When you encash the bond there is a potential tax charge but with careful mitigation there may not be any tax to pay.
Let's say you save into an offshore bond for 18 years. Now your granddaughter decides to go to university or even decides to take a gap year out for a holiday. You can now make the decision to support her in that or not, depending on your views of the situation.
If you decided to support her you could then take a segment of the bond and assign it to her and then encash it. Because of the way bonds are taxed there is likely to be no tax at all. As long as the gain on the segment of the bond is less than the personal tax allowance there would be no tax.
Given that at university or holiday its unlikely your granddaughter would be working, there would be no tax at all. And so you save free of tax with tax free withdrawals and this can be done whenever, and for whomever you choose.

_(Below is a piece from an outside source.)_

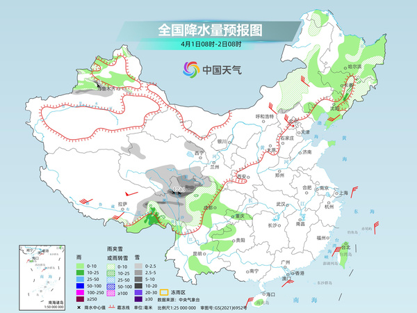 明天,新疆北疆东部和沿天山地区以及伊犁河谷高海拔地区、西藏东部、川西高原中部等地部分地区有小到中雪或雨夹雪,其中,西藏东部局地有大雪。新疆北疆中东部、西藏东南部、四川盆地西部、甘肃西南部、东北地区东部、台湾岛中东部等地部分地区有小到中雨。

Because it’s your pot of money you could also use current legislation to encash tax-free. If you became non-resident for a year you could then encash the bond free of UK tax. All with total control.

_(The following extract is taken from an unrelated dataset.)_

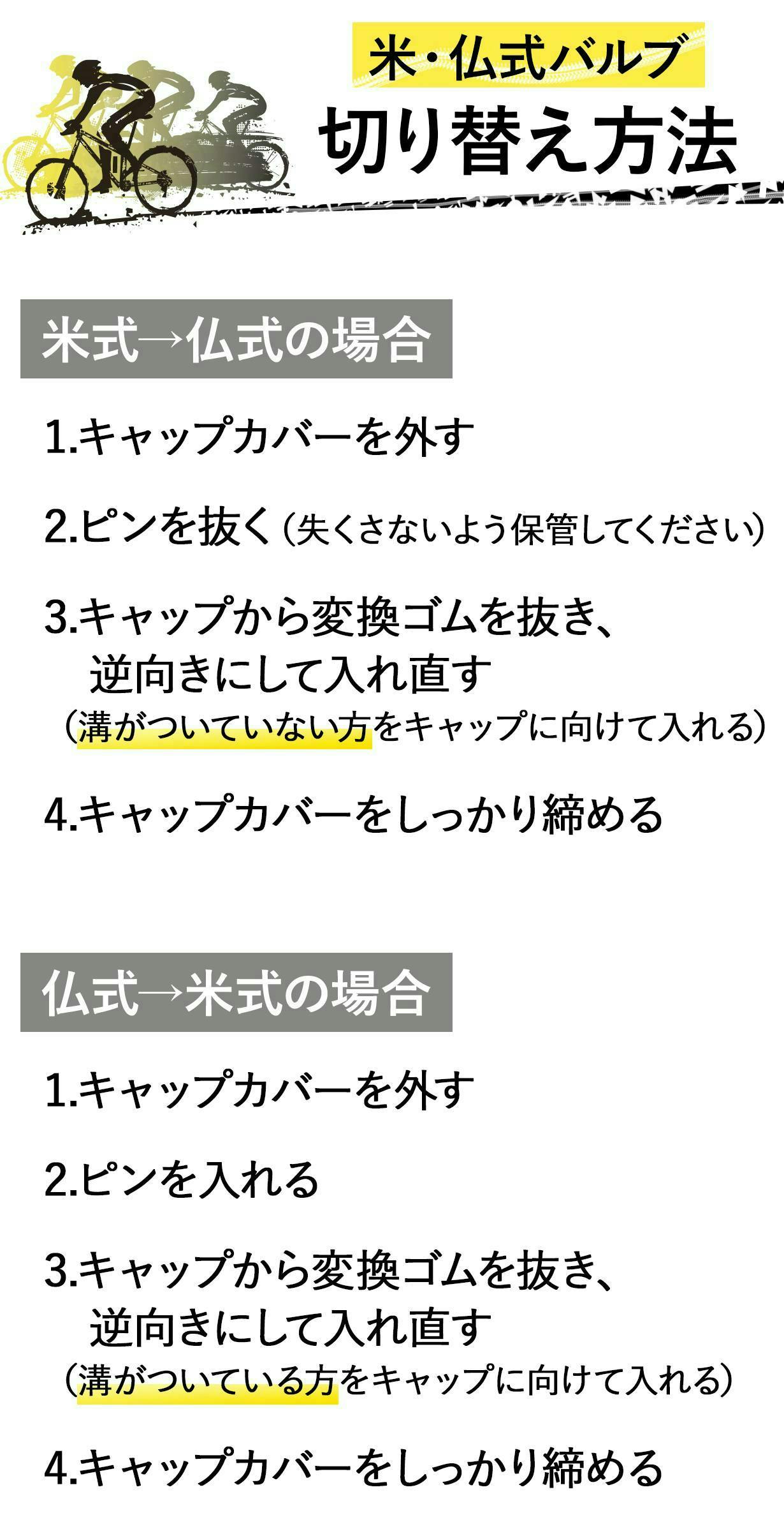 ※ママチャリなどの英式バルブ自転車へ使用する際は、市販されている変換バルブの購入が必要です。本製品のみではお使いいただけませんのでご注意ください。

Don’t worry too much about the term offshore. Offshore insurance providers are simply a version of the onshore companies you will be used to dealing with like Standard Life for example. They just hold offshore status so the capital grows in the most tax efficient manner. Your protection does not have to be inferior to the UK company.
If you decide however, that a child trust fund is for you, consider that a stakeholder plan is cheaper and has a small range of funds but for the small amount of capital involved this may be fine.

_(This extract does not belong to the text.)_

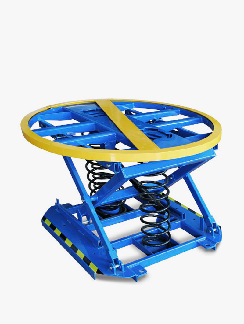 Cuando el peso varía, la mesa elevadora de tijera con muelles compensa la diferencia mediante la compresión o expansión de los resortes, garantizando un movimiento suave y controlado. Su plataforma giratoria facilita el acceso a todos los lados del palet o la mercancía, evitando desplazamientos innecesarios y mejorando la eficiencia del operario. Gracias a su diseño robusto y estable, es perfecta para líneas de montaje, zonas de picking o estaciones de embalaje donde se requiere mantener una altura de trabajo constante sin intervención eléctrica.

If you would like a list of the better child trust funds call Peter on 0845 230 9876, e-mail info@wwfp.net or take a look at our website www.wwfp.net.
Peter McGahan is an Independent Financial Adviser and the Managing Director of Worldwide Financial Planning Ltd who are authorised and regulated by the Financial Services Authority. 'The FSA does not regulate Credit Cards, Will Writing and some forms of mortgage and Inheritance Tax Planning.'
Information given is for general guidance only, and specific advice should be taken before acting on any suggestions made.
The above represents the personal opinions of Peter McGahan.
All information is based on our understanding of current tax practices, which are subject to change.
The value of shares and investments can go down as well as up.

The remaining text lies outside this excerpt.